What needs to be done
From the entries below, print exactly the span beginning with the line holding "11月29日,学院迎来建校3" and ending with the line holding "IceFox Skrevet 11.", endpoints included, and skip any pictures.

Task material
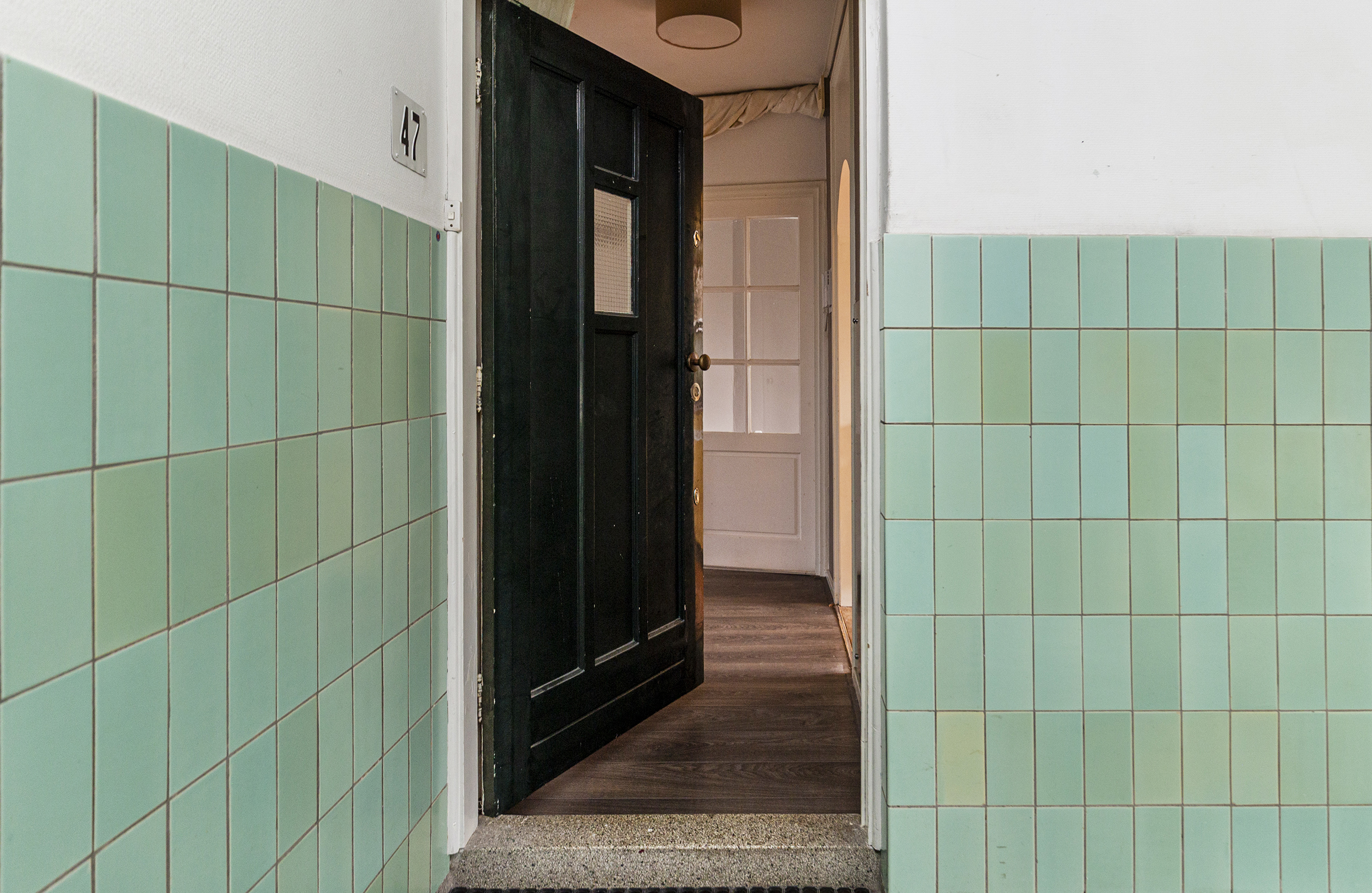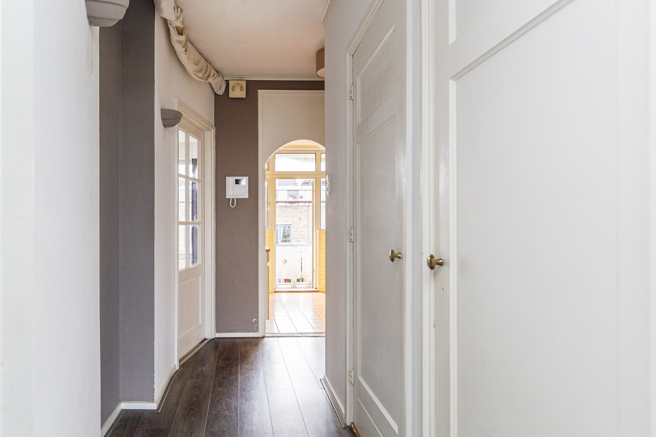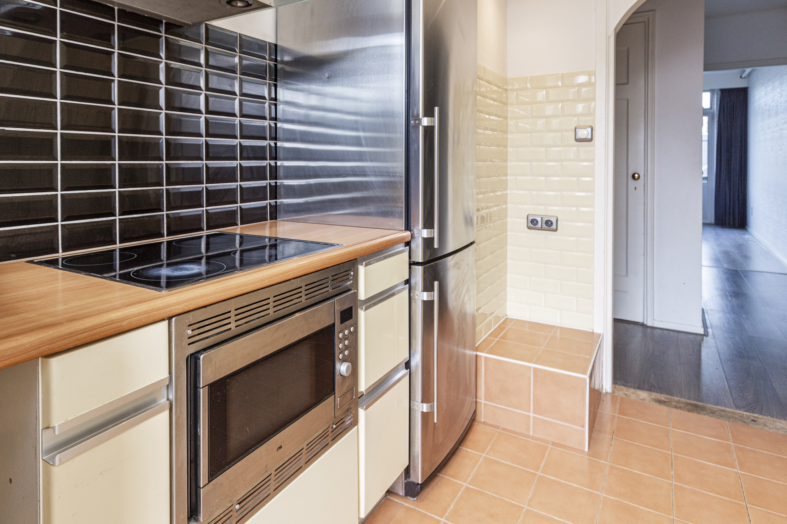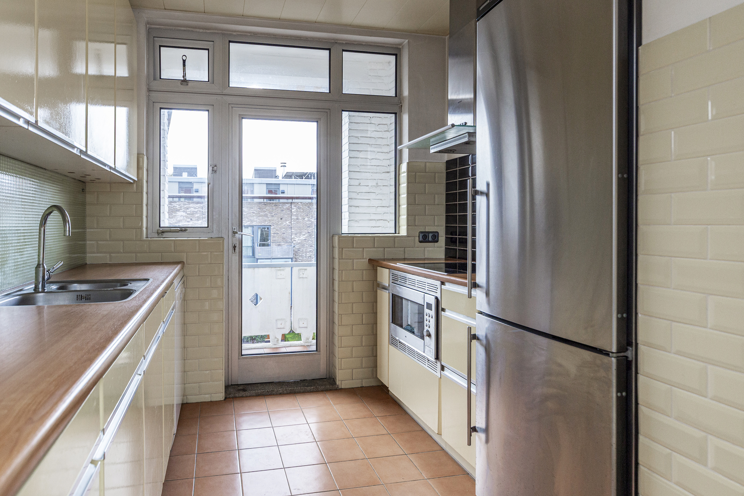 De L-vormige hal biedt toegang tot de ruime woonkamer, met een indrukwekkende diepte van ruim 11 meter. Vanuit de voorkamer heeft u een weids uitzicht over de straat. Vanuit de achterkamer heeft u toegang tot het balkon dat over de volle breedte van de woning loopt. In de woonkamer treft u een vaste kast en een mooie open trap met houden traptreden die u naar de 3e etage leidt. Eén slaapkamer bevindt zich op de woonetage aan de achterzijde van het appartement. Deze is voorzien van een inbouwkast en heeft ook toegang tot het balkon. De badkamer is voorzien van een douche en wastafelmeubel. Aan de voorzijkamer is een nette keuken met koelkast/vriezer, vaatwasser, combi oven/magnetron, afzuigkap, kookplaat en toegang tot het voorbalkon. Vanuit de gang heeft u toegang tot een apart toilet met fontein, een ruime kast en de meterkast.
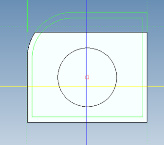 -на рабочей плоскости вида спереди чертим прямоугольник со скругленным углом, повторяющий по форме внутреннюю полость детали (рис. 2.6);
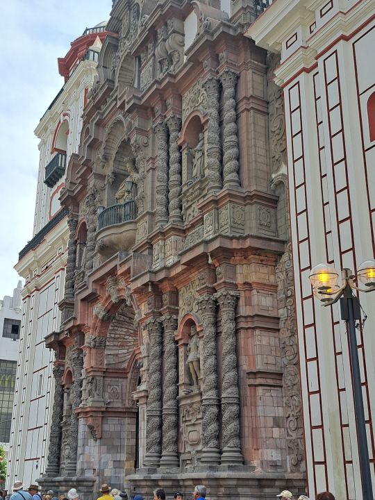 Wir fahren mit Bussen zur Stadtbesichtigung von Lima – Hauptstadt von Peru – Sehr ausführlich. Wir besichtigen die Altstadt mit Regierungsviertel. Es gibt viele Kirchen, eine Kathedrale. Viele Kolonialbauten aus der spanischen Besatzungszeit. Es gibt Geschäfte von weltweit vertretenen Firmen. Man erkennt aber auch, dass man noch viel an diesen Bauten tun muss / könnte. Wir sehen die Wachablösung am Präsidentinnen Palast.
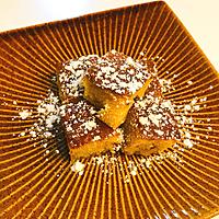 - 6 型に流し入れ、170℃のオーブンで15分焼きます。型から取り出して粗熱を取り、お好みの大きさに切り、粉糖をかけて出来上がりです。
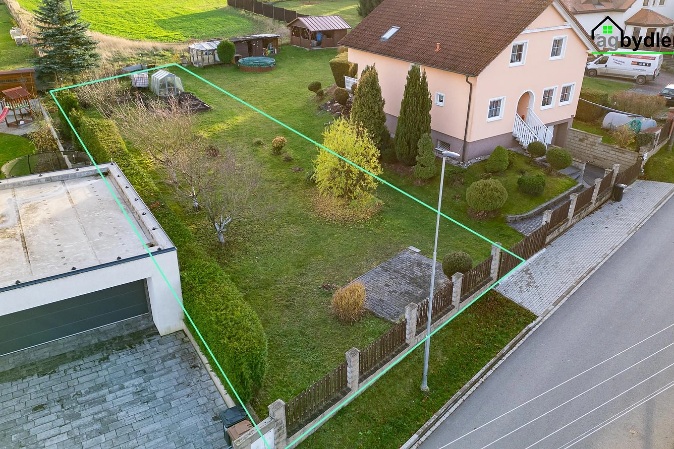 Upozornění: vyznačení hranic pozemku na fotografiích je pouze orientační, protože pozemek zatím není rozdělen.
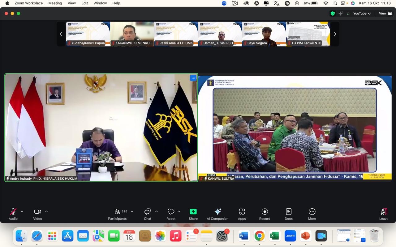 Ternate – Kepala Kantor Wilayah (Kakanwil) Kementerian Hukum (Kemenkum) Maluku Utara, Budi Argap Situngkir mengikuti kegiatan Diskusi Strategis Kebijakan (DSK) bertajuk “Evaluasi Kebijakan Permenkumham Nomor 25 Tahun 2021 tentang Tata Cara Pendaftaran, Perubahan, dan Penghapusan Jaminan Fidusia” yang diselenggarakan oleh Kanwil Kemenkum Sulawesi Tenggara secara daring, Kamis (16/10/2025).
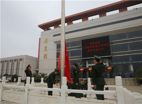 11月29日,学院迎来建校36周年纪念日。上午10点,学院在图书馆前广场举行升国旗仪式。伴随着庄严的国歌声,国旗护卫队将五星红旗冉冉升起,在场师生向国旗行注目礼。升旗仪式结束后,老师带领部分学生参观学院校史馆,回顾学院36年历程,同学们感慨万分。
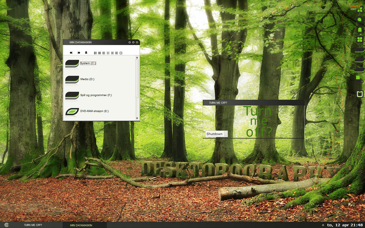 IceFox Skrevet 11. april 2007 Skrevet 11. april 2007 Ikke helt "fan" av wallpaperet, samt at du kunne funnet noe litt mer "lekne" ikoner som passet det bedre... PS: Gidder du poste bilder i PNG fra nå av? Udigg kvalitet på JPEG
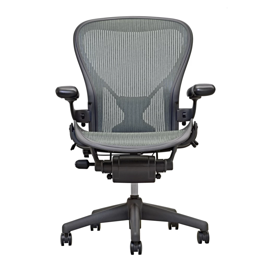 Aeron office chair revolutionized office seating with its defining design qualities: the pioneering Pellicle suspension material and its patented Lumbar back support, which affords the ideal sit — chest open, shoulders back, pelvis tilted slightly forward. Combining a deep knowledge of human-centered design with cutting-edge technology, the classic Aeron chair is engineered with state-of-the-art adjustability, from the arms, seat height, depth, and recline, to help you maintain the optimal seating posture so you can focus on the task at hand. And it comes available in three chair sizes, offering the most comfort to the largest range of users.
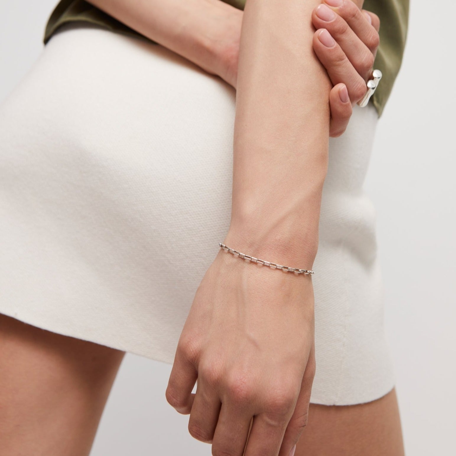 Sterling silver-plated bracelet with mid-sized links. Made in Spain with a 100% handmade process. If you are not worried about what people may think of you, this collection fits you perfectly. Pieces where the dragonfly becomes the central element of the season, true symbols of nonconformity combined with leather, colored crystals and links
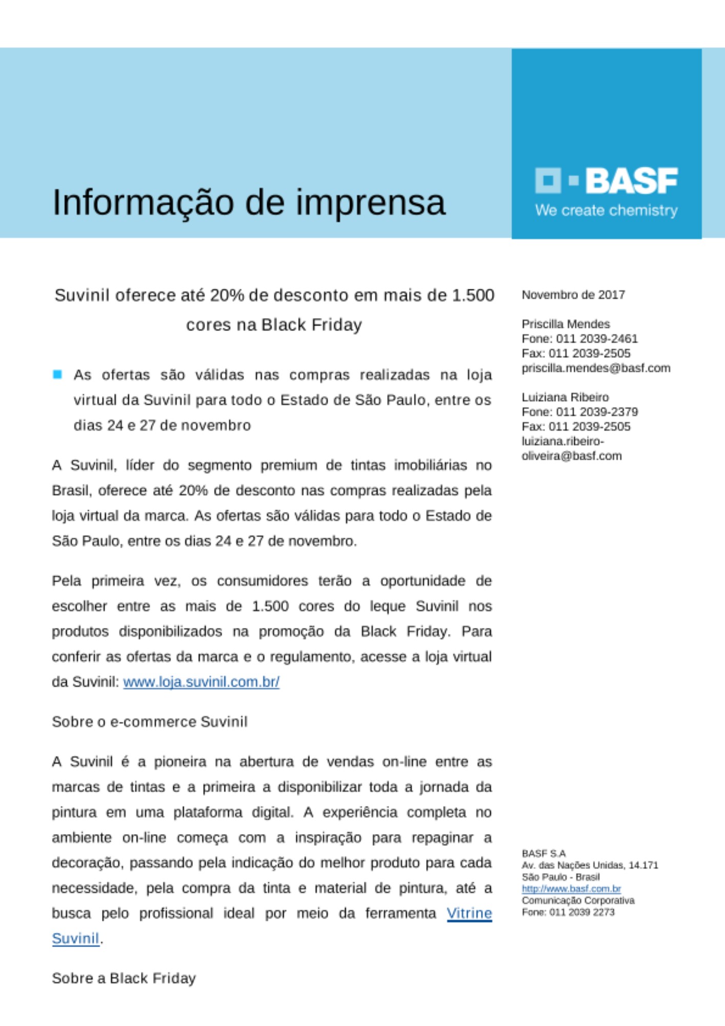 Pela primeira vez, os consumidores terão a oportunidade de escolher entre as mais de 1.500 cores do leque Suvinil nos produtos disponibilizados na promoção da Black Friday. Para conferir as ofertas da marca e o regulamento, acesse a loja virtual da Suvinil: www.loja.suvinil.com.br/
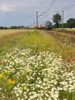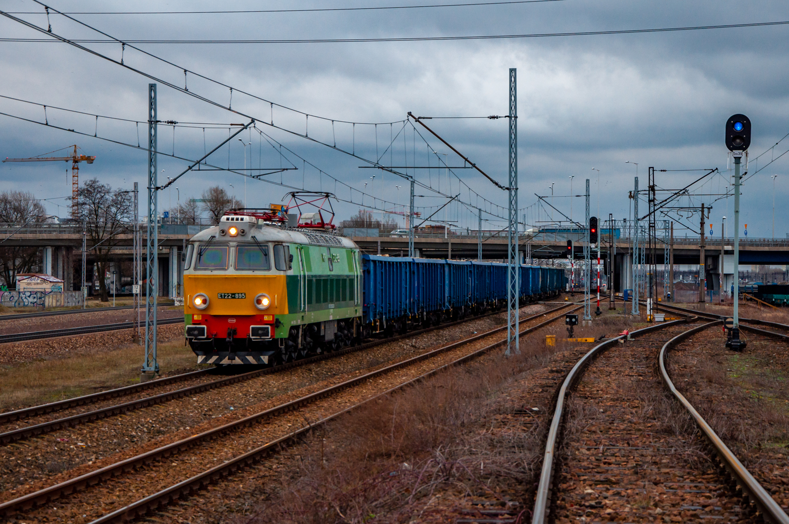 Żółtomordowy Byk ET22-895 ze składem węglarek relacji Skarżysko Kamienna-Kwidzyn po chwilowym postoju na WPT wyrusza dalej po LK9 w stronę Legionowa.
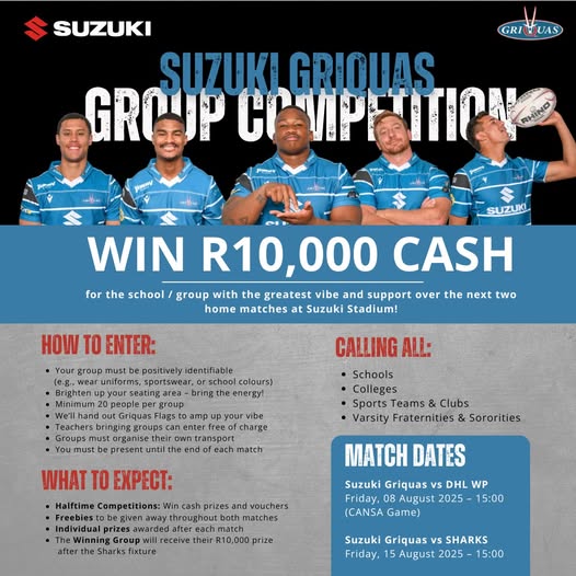 - Kyk ook uit vir die groepkompetisie waarin R10 000 kontant op die spel is vir die groep of skool met die beste gees en ondersteuning in die volgende twee tuiswedstryde. Nรก Vrydag se wedstryd, is die volgende tuiswedstryd op Vrydag 15 Augustus teen die Haaie.
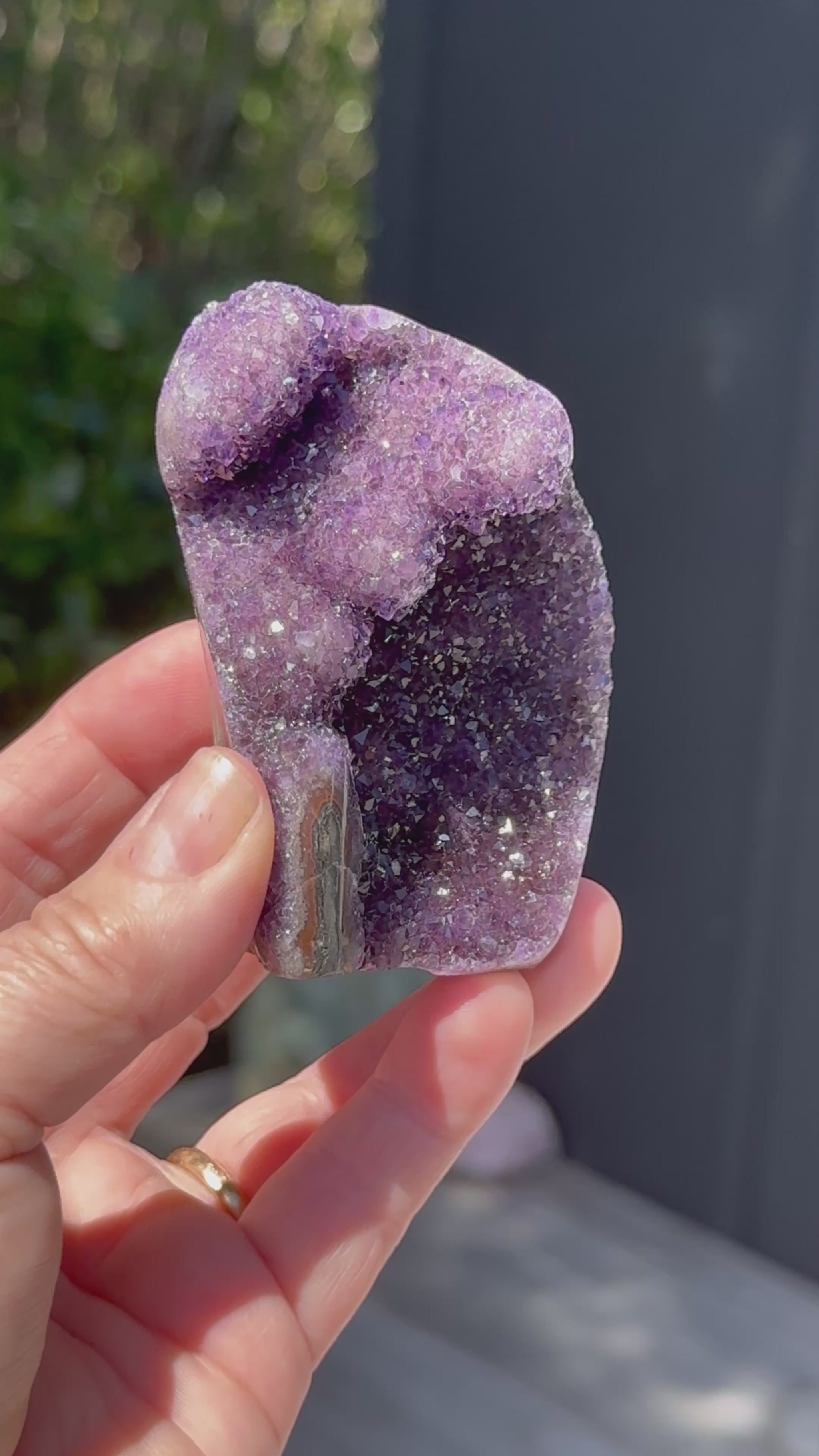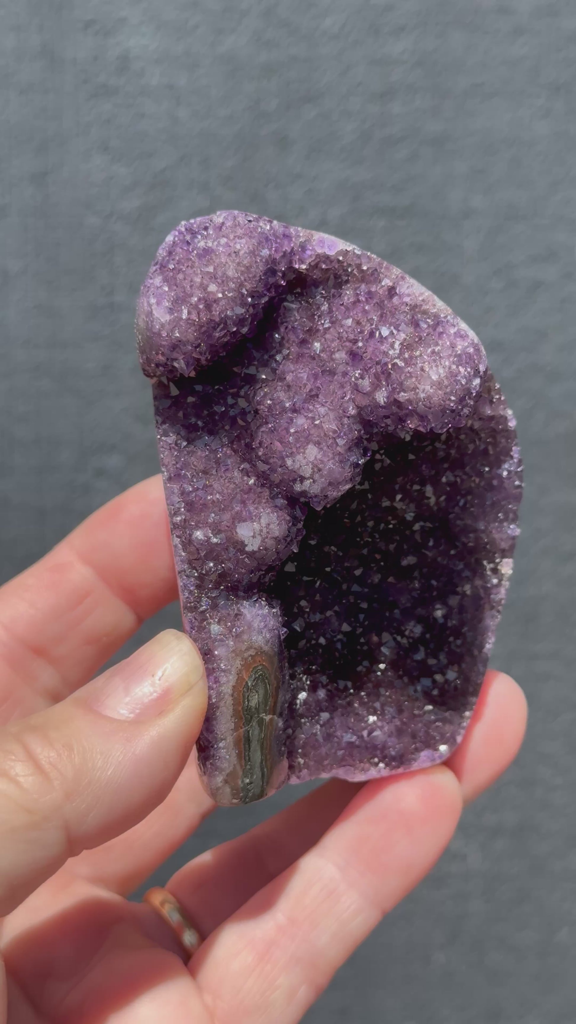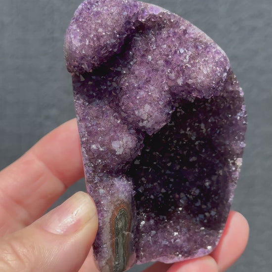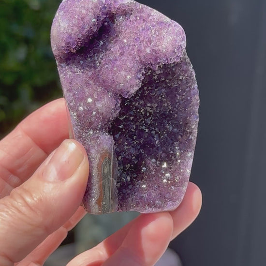 This beautiful high-grade Amethyst cluster is truly one of a kind, featuring captivating stalactite formations and beautifully polished edges that highlight its natural charm. Sourced from Brazil, this piece highlights the delicate beauty and serene energy Amethyst is known for—bringing calm, balance, and spiritual harmony to any space. Perfect as a display piece, meditation companion, or thoughtful gift for any crystal lover.

Solution
 11月29日,学院迎来建校36周年纪念日。上午10点,学院在图书馆前广场举行升国旗仪式。伴随着庄严的国歌声,国旗护卫队将五星红旗冉冉升起,在场师生向国旗行注目礼。升旗仪式结束后,老师带领部分学生参观学院校史馆,回顾学院36年历程,同学们感慨万分。
 IceFox Skrevet 11. april 2007 Skrevet 11. april 2007 Ikke helt "fan" av wallpaperet, samt at du kunne funnet noe litt mer "lekne" ikoner som passet det bedre... PS: Gidder du poste bilder i PNG fra nå av? Udigg kvalitet på JPEG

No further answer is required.